Врач приглашает сесть, начинается лекция. Это китайская натурфилософия — о двух началах, о твердом и мягком, мужском и женском, горячем и холодном, внутреннем и внешнем и так далее. Главный источник медицинского знания — книга, написанная в Китае более тысячи лет тому назад. Китайская медицина, по-видимому, не хочет знать ничего о медицине Запада. Зато врач, по его словам, окончил не только медицинский факультет японского университета, но и получил диплом университета Берлинского.

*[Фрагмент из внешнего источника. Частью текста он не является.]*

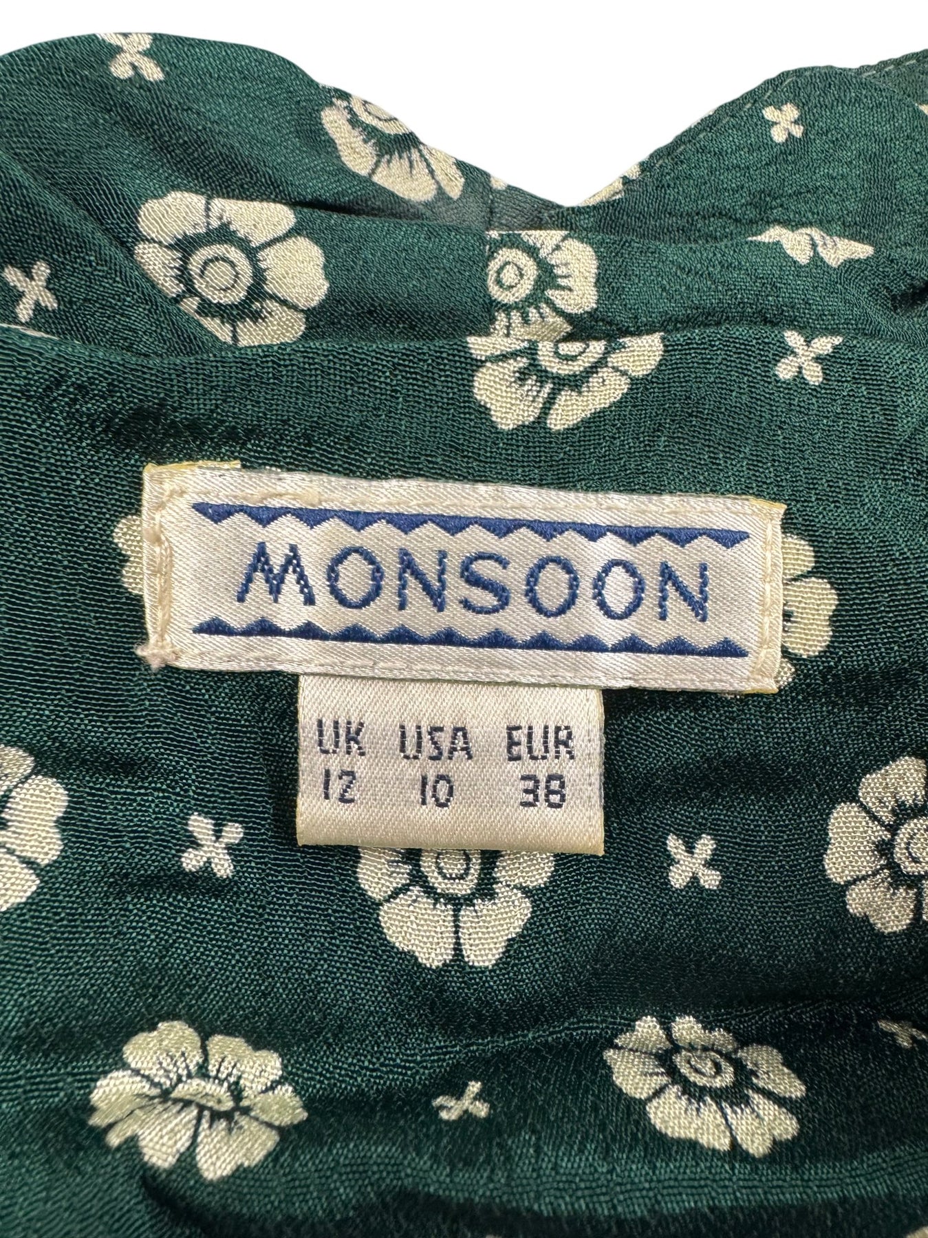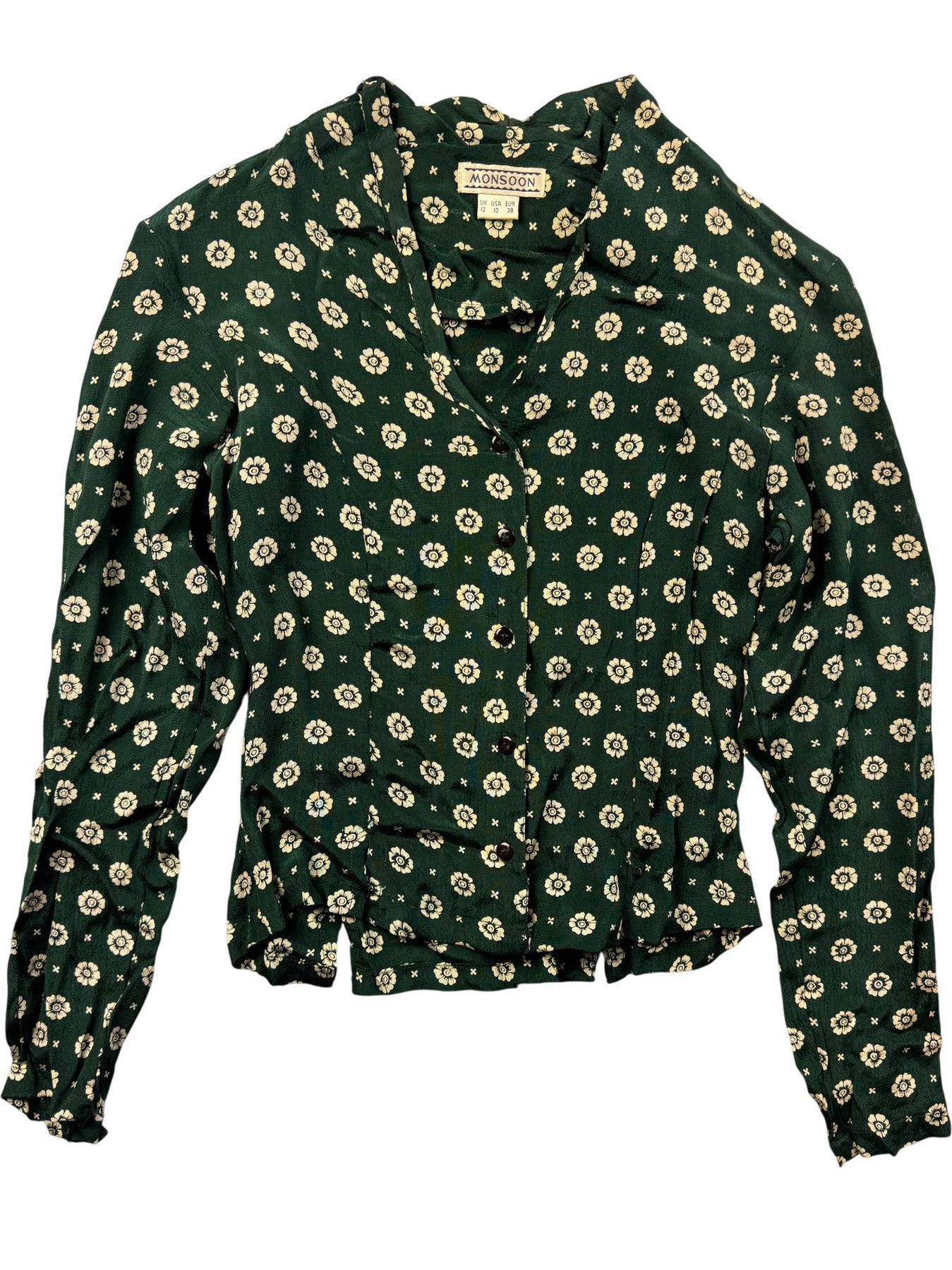 Green blouse with floral pattern made of 100% viscose. Features long sleeves and button-up front. Monsoon label inside.
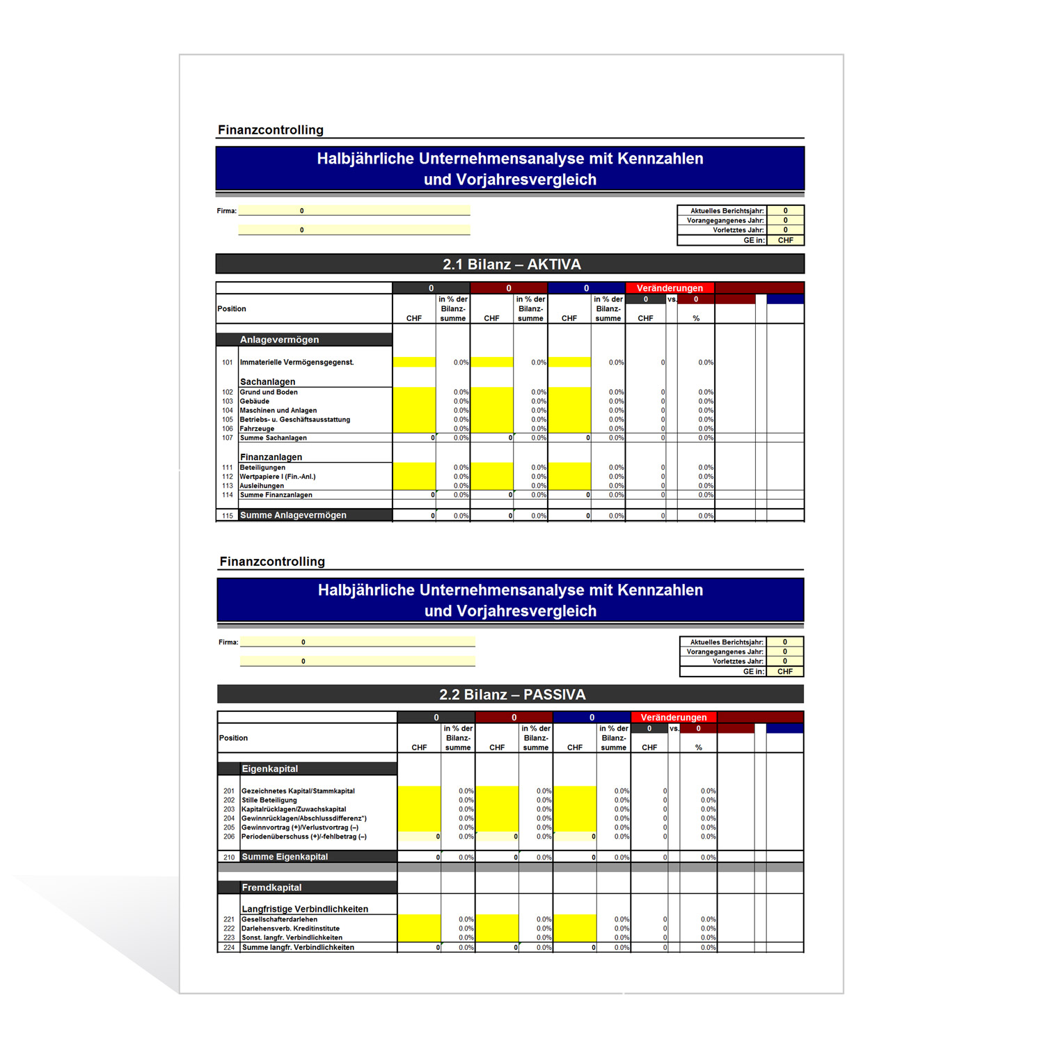 - Halbjährliche Unternehmensanalyse mit Kennzahlen und Vorjahresvergleich
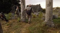 Alors qu'ils marchèrent au sein des couloirs sombres et instables, Eli signala aux autres que le Kino avait enfin trouvé une sortie vers l'extérieur et Chloe remarqua qu'un plan des galeries était régulièrement affiché sur les murs, leur permettant de se repérer. Cependant, au moment où Greer se dirigea seul à l'angle d'un couloir, le plafond de la galerie s'écroula sur lui et le sépara du reste de l'équipe. Bien que Scott, Eli et Chloe tentèrent de dégager un passage, ils furent obligés de quitter la zone très instable et d'abandonner leur ami présumé mort. Ils parvinrent à trouver la sortie et se dirigèrent vers la porte des étoiles. Pendant ce temps, le sergent Greer réussit à s'extirper des décombres et à sortir à son tour des galeries souterraines.
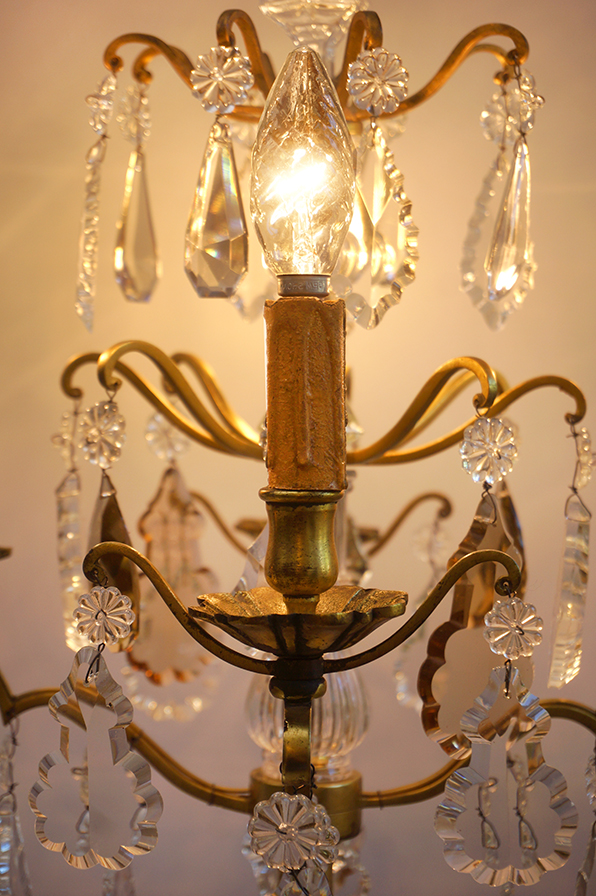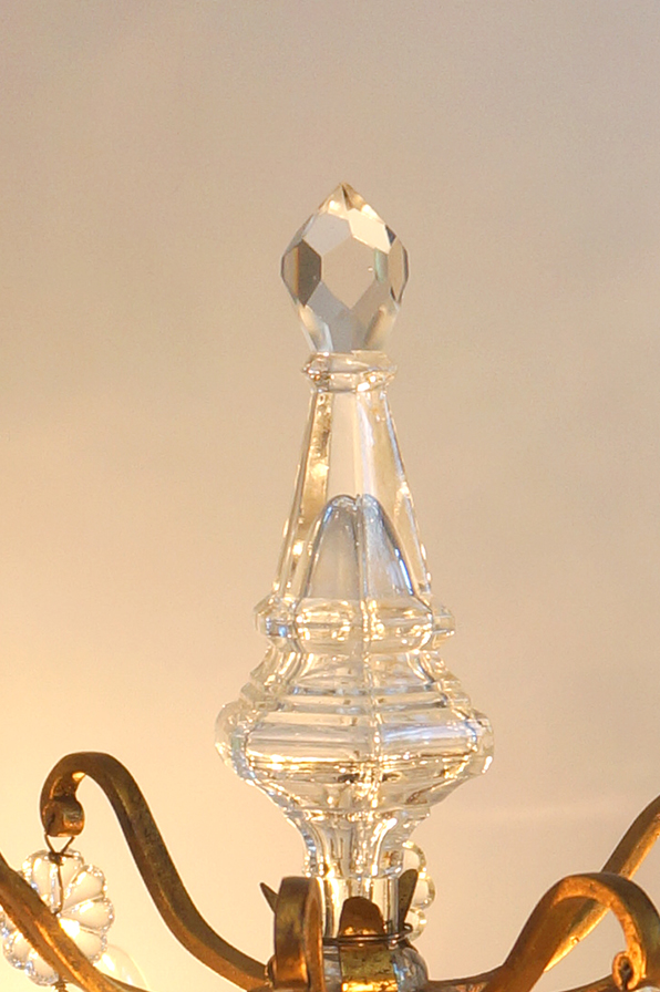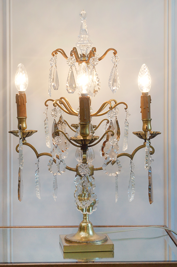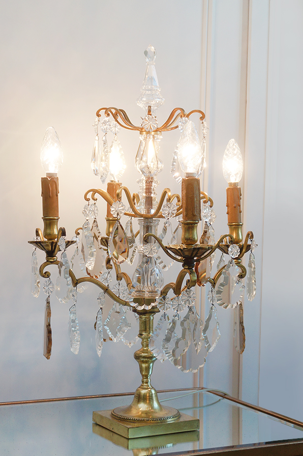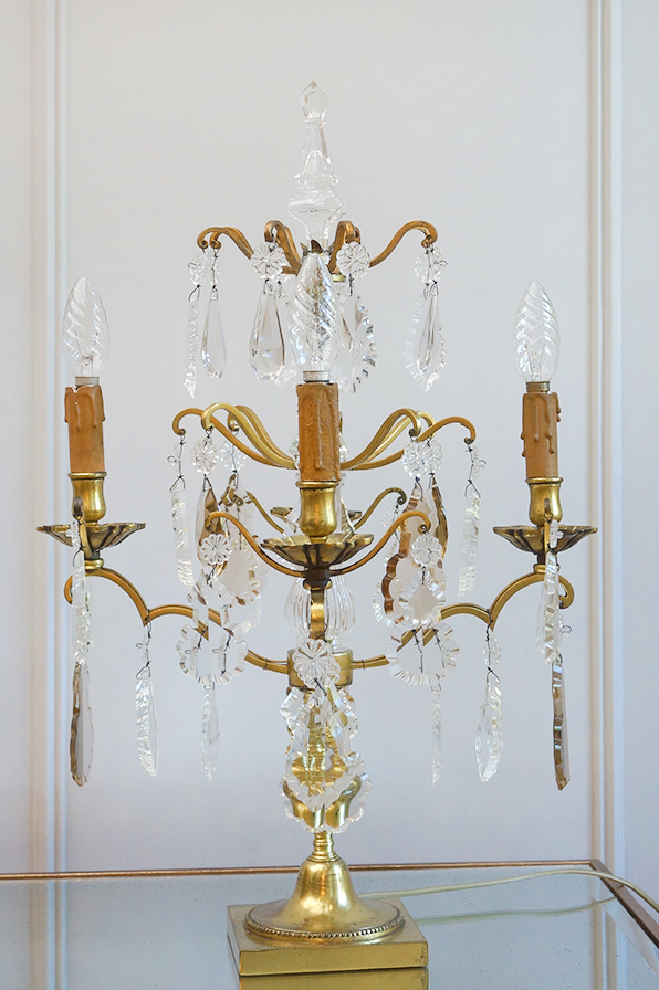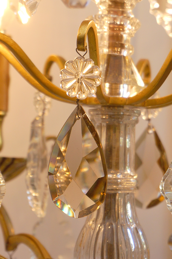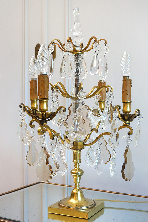 Antike Girandole aus dem Ende des 19. Jhd. Imposant wirkt die solitäre Leuchte mit dem zum Teil handgeschliffenen Kristallbehang und der mittig sitzenden und funkelnden Kristallspitze. Dies steht auf dem Messingfuß mit 4 Armen. Eine hinreißende Lichtquelle sowohl in historisch, als auch in modern gestalteten Räumen.

Цепкими пальцами он хватает мою больную руку, сгибает в локте, разгибает, жмет, прислушивается, вглядывается в мое лицо…
— У вас это называется артритизм, а у нас — «рука старого человека», — таков его диагноз.
Он подходит к высокому буфету, в верхнем отделении которого девяносто шесть ящиков, выдвигает шесть или семь из них и начинает накладывать на квадратики бумаги, положенные вдоль буфетного выступа, какие-то кусочки, стебельки, угольки, корешки. Делает это быстро, ловко, очень точно. Потом звонит, являются две девушки и принимаются заворачивать лекарство.
— Каждый пакетик заваривайте стаканом кипятка и пейте в течение дня.
И тут он сообщает нам о результатах своих многолетних занятий по бактериологии. Оказывается, его микроскопические исследования привели его к бесспорному, с его точки зрения, выводу, что туберкулез в Японии совершенно иной, нежели на Западе. Палочка японского ТБЦ толще, чем палочка европейского или американского. Степень сопротивляемости у японцев гораздо ниже. Здесь болезнь не локализуется в определенном месте, а охватывает весь организм в целом, так что такие методы, как пневмоторакс, не только бесполезны, но даже вредны.
— Я пишу работу, в которой доказываю положение, важное как для медицины, так и для политики: японцы — один из самых молодых народов мира, а значит, им принадлежит будущее!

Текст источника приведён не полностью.